Precanned Project 2: Seam Carving

Part 2.1: Toy Story

"Boy I wish my image was smaller. No crop gets rid of the edges and details I want, and scaling messes with the aspect ratio" - one sad customer. NO MORE NEED TO FEAR! SEAM CARVING IS HERE. And it is ready to support all your resizing dreams!

So how does this fancy - shmancy yet deviously simple algorithm work? Well you take an image

And you get its E N E R G Y using an energy function. The one I initally used was the sum of absolute values of the x and y derivative

Next, we comput the minimum energy path at each resulting bottom row of pixels, but using the recurrence relation where any coordinates minimum path energy is the sum of its energy plus the sum of the minimum pixel path energy either directly above it, or to the right and above, or to the left and above. Simple dynamic programming let's us compute these values real fast. Here is what the minimum energy values look like from the house above using the L1 energy function

Somewhere around 2/3's of the way from left to right seems to be the darkest pixel of the bottom row, and the darkest path seems to kind of snake up in an S shape. Let's see that path!

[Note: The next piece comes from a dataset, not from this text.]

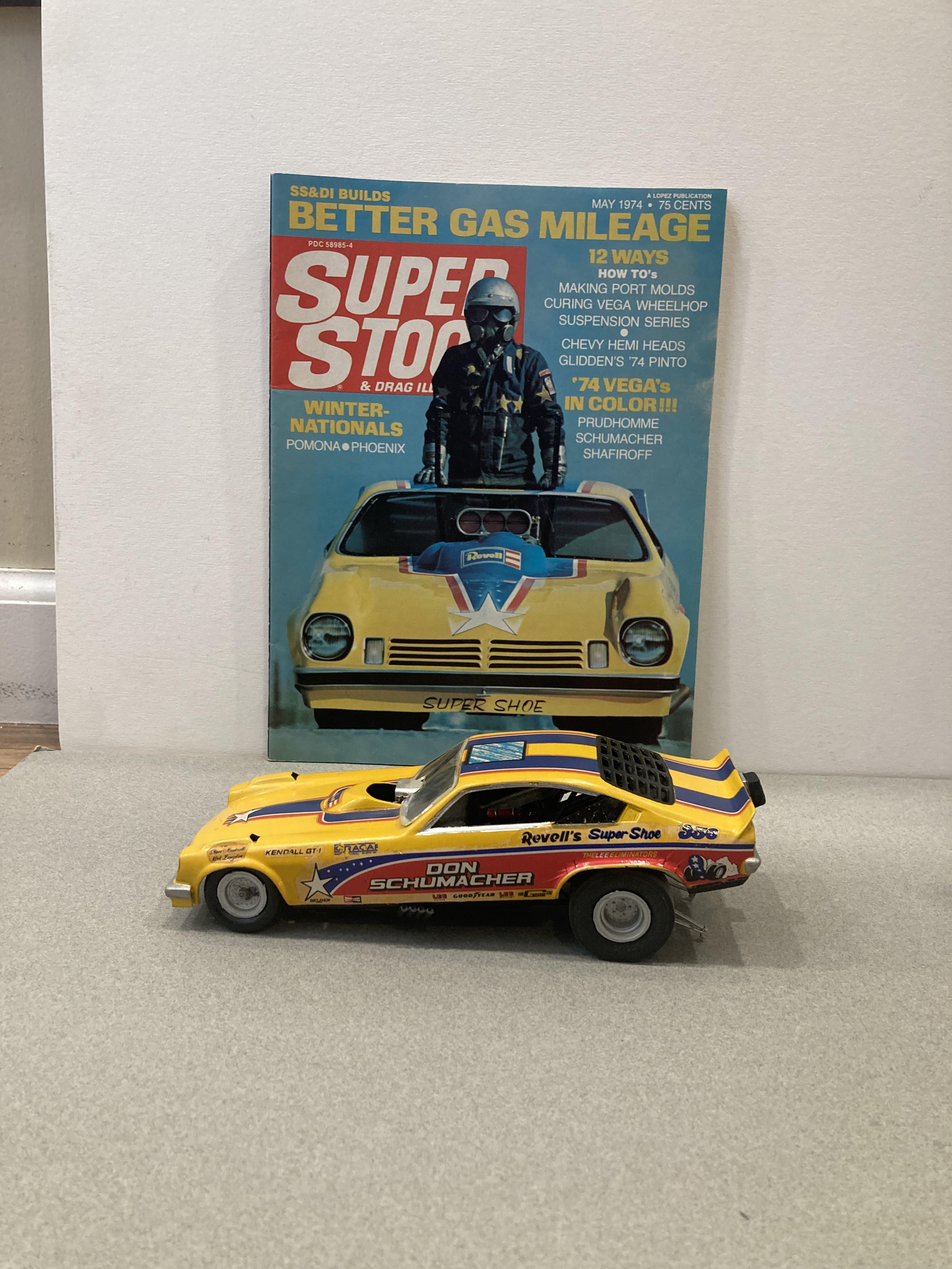 This was built from the old revell kit the early 90’s reissue. It’s box stock . The paint color is an old testors boyed’s color a pearl yellow ( or it might have been called pearl sunflower ) . These mid 70’s era revell funny car kits are some of the best ever made at least in my opinion. Until next time thanks for looking ?, Mike

Now lets remove that seam!

Wow! Looks ... pretty much the same. That's because that seam was deemed least interesting by our energy function, and by removing just a seam we keep spacial locality. Now the seam carving algorithm just repeats this seam removal!

Below will be pictures of the format: Original, my algorithm removing seams, website examples

I would say I did better than the example for this house resizing since my valls of the house still seem verticle as opposed to the slanted walls of the example seam carve. Also my right tree looks more realistic. Sadly both of our left front trees look ridiculous

Here my result has a better couch, but a much more curvey street.

Here we get some hilarious artifacts around removing seams from a person's face. Though my result seems to preserve more face.

Not lets apply it to some more pictures!

Kinda meta, seam carving the seam carved example to 1/4 of the size seems to preserve a lot of the original relationship between the three colored lines.

Lets take seam carving TO THE EXTREME by taking a 40x40 original image and carving it down to 35x35, 30x30, 25x25, 20x20, 15x15, 10x10, and finally 5x5!

The first row looks mostly fine, but the last row looks like a nightmare

Bells and Whistles

Finally for the bells and whistles I compared the L2 Distance to the L1 Distance and devised a rule of thumb for deciding which energy function to use. Below left is L1 distance, right is L2 distance (square root of sum of squared gradients in the x and y direction)

Here is my rule of thumb -> If fine grained details you want to preserve, use L1, if not, use L2.

What I learned

How simple stuff can produce really amazing outcomes! It's a really elegant algorithm that allows for quite a lot of use. And how algorithms taken past their intended use lead to some hilarious outcomes!